→ **TASK OBJECTIVE**: The whole listing, please: repeat it exactly, with the pictures left out.

→ **MATERIAL PROVIDED**:
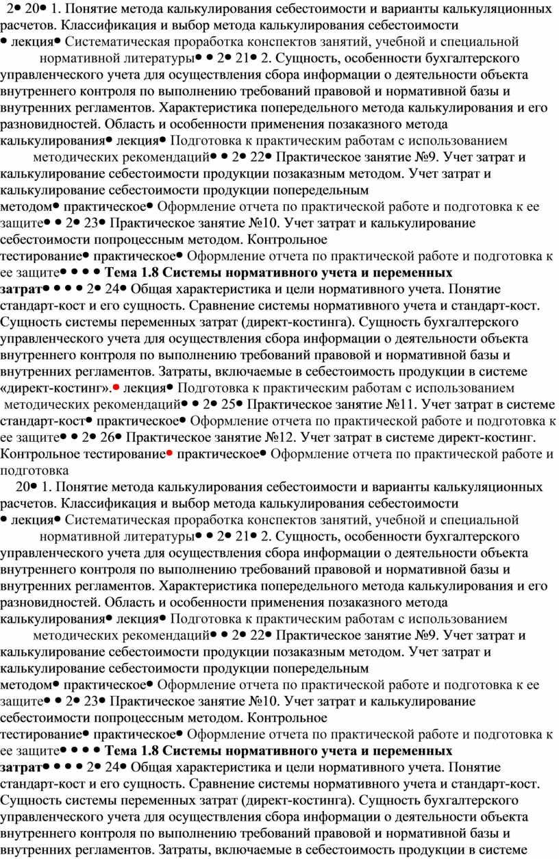 Тема 1.8 Системы нормативного учета и переменных затрат |
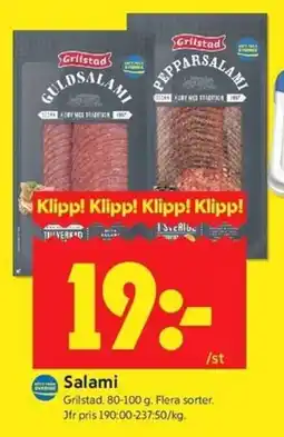 | GRILSTAD Salami 80 - 100 g | ICA Kvantum | 19,00 kr | 20 april 2026 | 26 april 2026 | |||
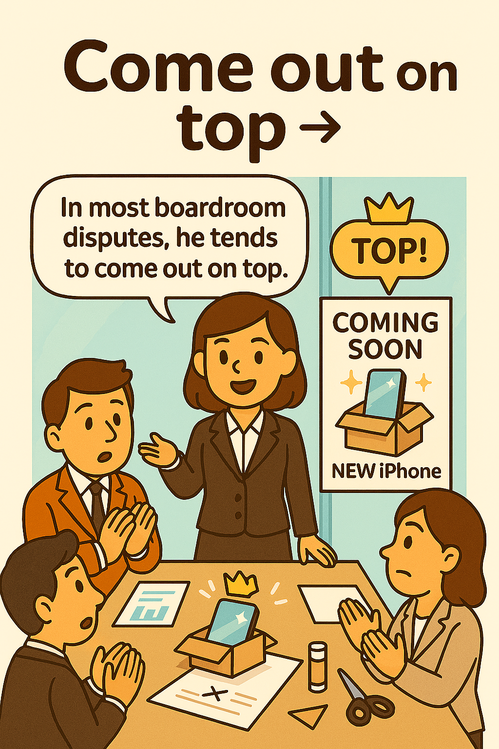 ‘come out on top’은 논쟁, 경쟁, 선거 등에서 승리하다는 의미로 쓰이고,
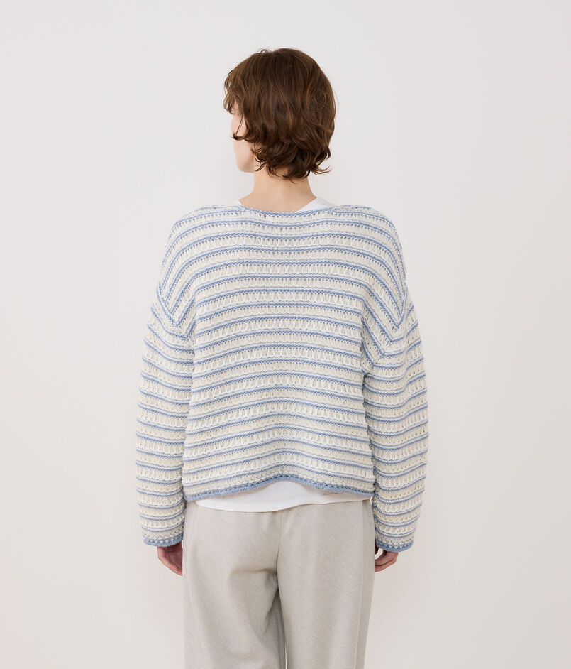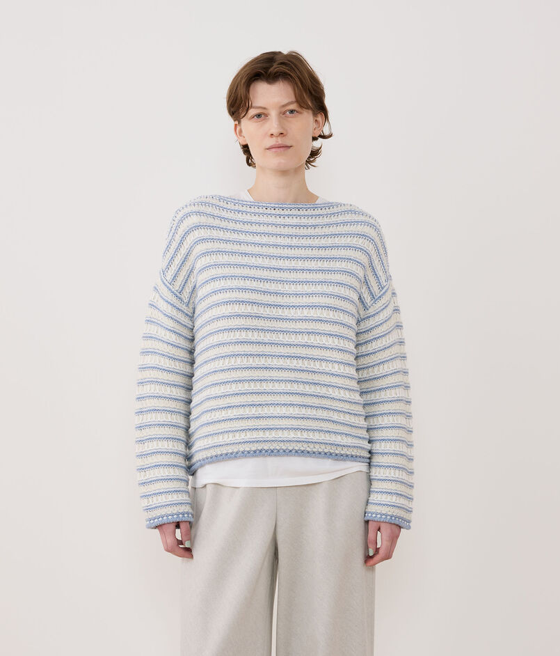 抜け感のある軽い色合いのボーダーがヘルシーな印象のプルオーバー。

→ **OUTPUT FOR THIS TASK**:
 Тема 1.8 Системы нормативного учета и переменных затрат |
 | GRILSTAD Salami 80 - 100 g | ICA Kvantum | 19,00 kr | 20 april 2026 | 26 april 2026 | |||
 ‘come out on top’은 논쟁, 경쟁, 선거 등에서 승리하다는 의미로 쓰이고,
 抜け感のある軽い色合いのボーダーがヘルシーな印象のプルオーバー。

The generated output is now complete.